Pero aquella mañana la señorita Leonides no estaba para juegos. Tan pronto como se ubicó en el asiento de madera del tranvía, los céfiros del pensamiento la raptaron y le llevaron lejos, la transportaron hasta la casa de Natividad González.
¡Dios mío, qué lenguaje había emplea­do aquel basilisco! La señorita Leonides no recordaba, concretamente, ninguna palabra; todo se fundía en un mismo ga­limatías inextricable. Pero que esa fritura estaba condimentada con los insultos más atroces, no lo dudaba. Fíjese: una mujerzuela se permitía vejar, en plena calle y a voz en cuello, a la señorita Leonides Arrufat. Y ella, ¿cómo se lo había consentido? Ah, no, era necesario volver a poner las cosas en su sitio. Y comenzó a injuriar mentalmente a Natividad. No disponía del vasto repertorio de la otra, pero ¿qué importaba? Se conformaba con una sola palabra. Una palabra terrible. Arrastrada. Y la repetía como una fórmula mágica,-como un conjuro, como quien redobla golpes sobre un clavo rebelde. La repetía hasta el éxtasis, hasta el vértigo y la em­briaguez angélica. Se imaginaba que aquella palabreja, así salmodiada, volaba por encima de las calles y los edificios, llegaba hasta la propia Natividad, caía sobre la miserable como una lluvia de ar­dientes alfileres, la derribaba y la arrojaba al suelo, allí le sorbía el orgullo, la juventud, la belleza, aquel maligno vigor que había despegado con la señorita Leonides, y, por fin la abandonaba como una nube de langostas a un árbol seco.

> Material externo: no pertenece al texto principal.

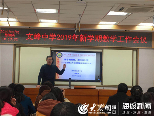 大众网莱州·海报新闻3月1日讯 (通讯员 程挺模 记者 孙国栋) 为落实莱州市委市政府“巩固提升年”和市教体局“教育质量提升年二期行动”工作要求。3月1日,莱州市文峰中学召开2019年教学工作会议,部署新学期教学工作任务。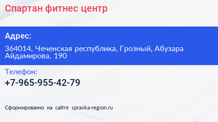 Спартан, фитнес-центр по адресу 364014, Чеченская республика, Грозный, Абузара Айдамирова, 190 в дальнейшем Организация, размещена в следующих категориях:

(Y mientras concebía estos seductores destinos para Natividad, la señorita Leonides temblaba en su asiento y hacía pequeños ademanes y gestos espasmódicos, de modo que la persona sentada a su lado podía pensar que la señora del turbante abacial no estaba en sus cabales. O tal vez pensase, como alguien lo pensó, que la había reconocido y que toda esa mímica era atribuible a la emoción o equivalía a un secreto mensaje cifrado).
De pronto la señorita Leonides recordó algo. Sí, un pequeño episodio dentro de la gran escena con Natividad. En su mo­mento lo había mirado sin verlo, y en se­guida el terror lo sepultó bajo sus ondas. Pero ahora que esa agua turbia se había evaporado, el pequeño episodio reapare­cía. Fíjense que Natividad, mientras acri­billaba de palabrotas a la señorita Leonides, había acercado inadvertidamente un pie descalzo a la ortiga, y la ortiga la había mordido. Como diciéndole: “Grazna todo lo que quieras, que yo lo mismo te clavo las uñas, porque así !o ordena mi ama. Yo la obedezco a ella, no a ti”. Y Natividad había dado un respingo, había apartado el-pie de la ortiga como de una brasa, y exacerbada más por la humillación que por el dolor se había puesto a aullar como una loca. Recordándolo, la señorita Leonides sufrió un ataque de hilaridad. Se sofocaba. Debió llevarse el pañuelo a los labios. Pero no pudo evitar que los hombros se le sacudiesen y que una ráfaga de risa se le escapara estrepi­tosamente por la nariz.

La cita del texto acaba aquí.